Is the server bundled with Flask safe to use in production?

No. The bundled server is a development server. It’s not designed with production environments in mind.

  • It will not handle more than one request at a time by default.
  • If you leave debug mode on and an error pops up, it opens up a shell that allows for arbitrary code to be executed on your server (think os.system('rm -rf /')).
  • The development server doesn’t scale well.

Flask uses Werkzeug’s development server, and the documentation says the same thing:

The development server is not intended to be used on production systems. It was designed especially for development purposes and performs poorly under high load. For deployment setups have a look at the Application Deployment pages.

The recommended approach is to use a production WSGI server to run your Flask application. There’s a whole section dedicated to deployment in the docs: Deployment Options.
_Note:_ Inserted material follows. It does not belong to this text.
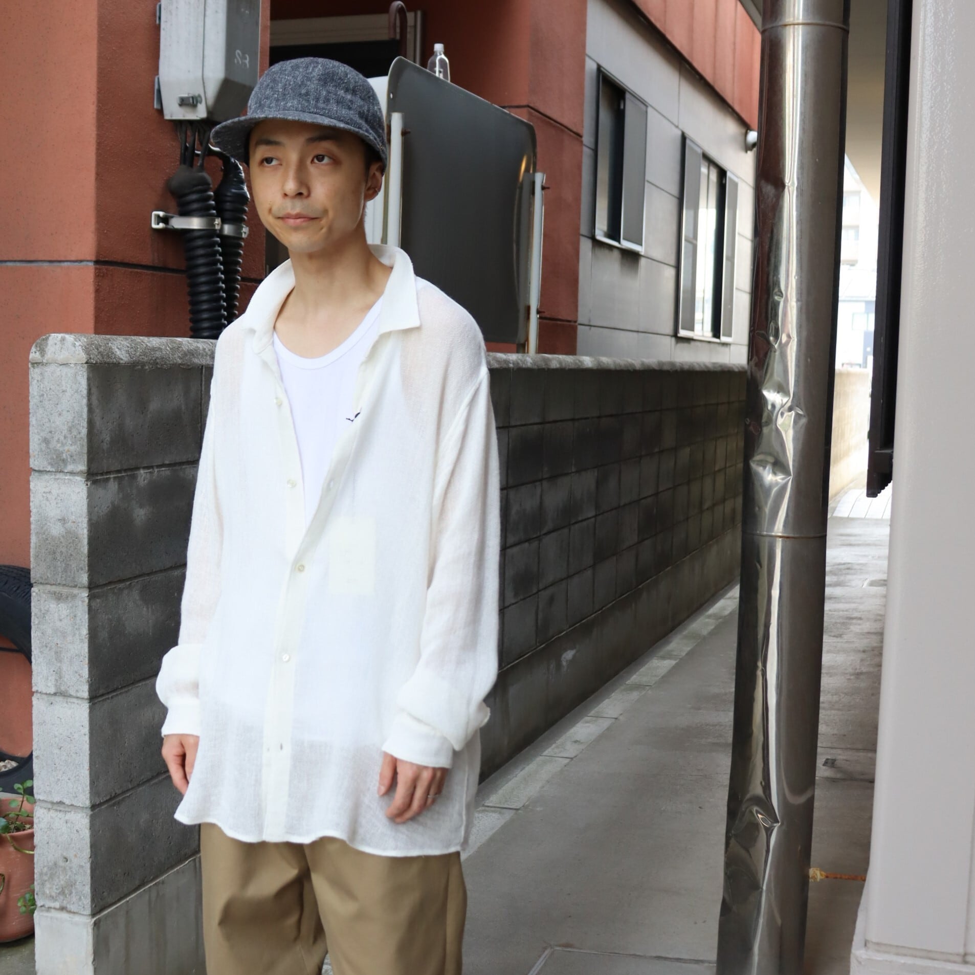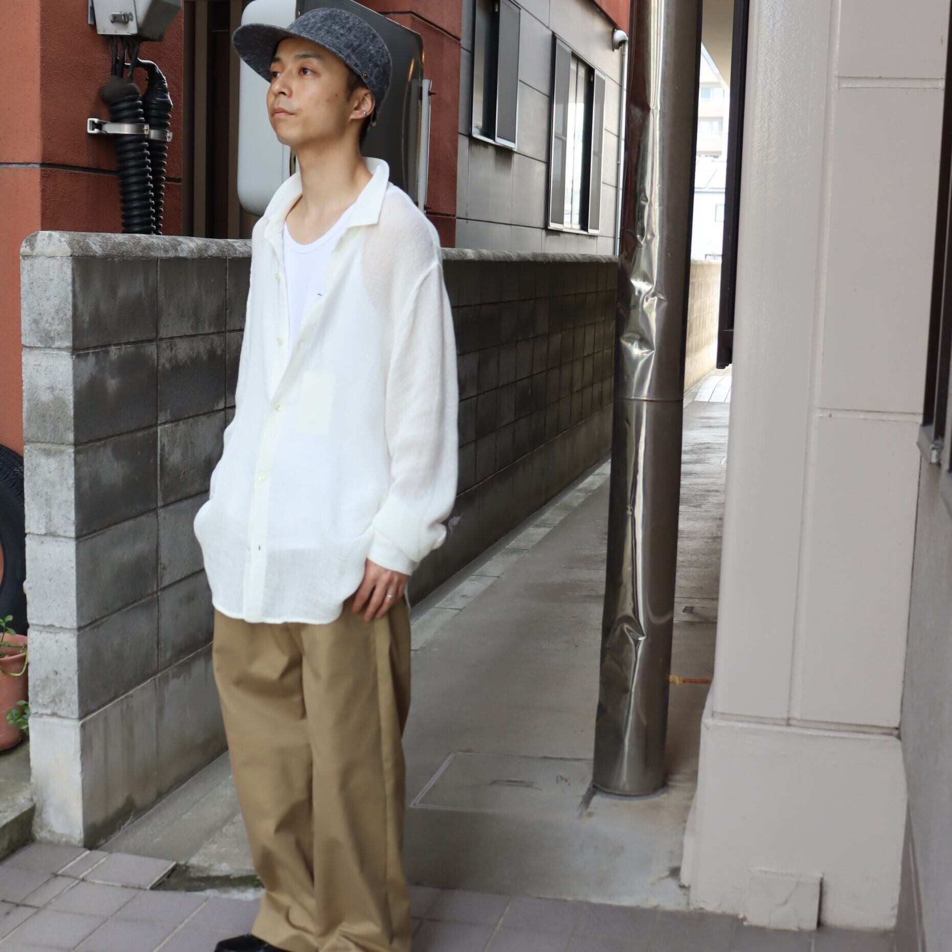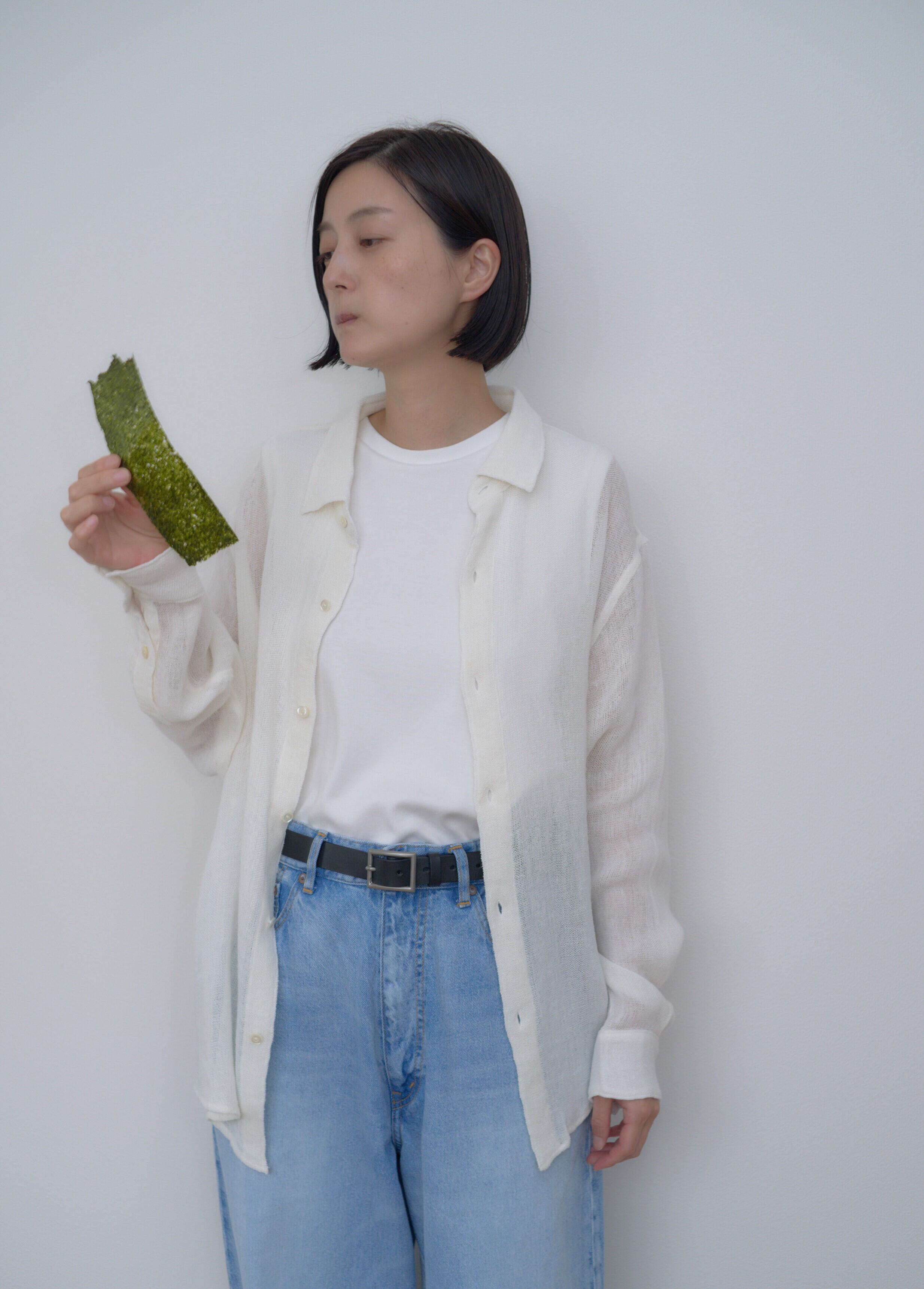 awasa " リネンメッシュ レギュラーカラーシャツ ( off white )"

Deploying your application is as simple as installing a WSGI server like uWSGI or gunicorn and running that instead of Flask’s development server:

gunicorn -w 4 -b 127.0.0.1:4000 myproject:app

If you are serving any static assets like images or videos, need low-level caching, or have higher concurrency demands, it’s recommended to use a webserver like nginx and have it handle all of your requests.

In crappy ASCII form:

                +----------+
                | Client 2 |
                +----------+
                      |
                      V 
+----------+      +-------+      +----------+
| Client 1 |----->| nginx |<-----| Client 3 |
+----------+      +-------+      +----------+
                      ^
                      |
                      V
           /--------------------\
           | useful nginx stuff |
           | like asset serving |
           | and rate limiting  |
           \--------------------/
                      |
                      V
               +-------------+
               | WSGI server |
               +-------------+

To actually run the WSGI server process, you can use Supervisor. It automatically restarts the server if it fails for some reason, keeps logs, and runs as a daemon so your service starts when the server boots.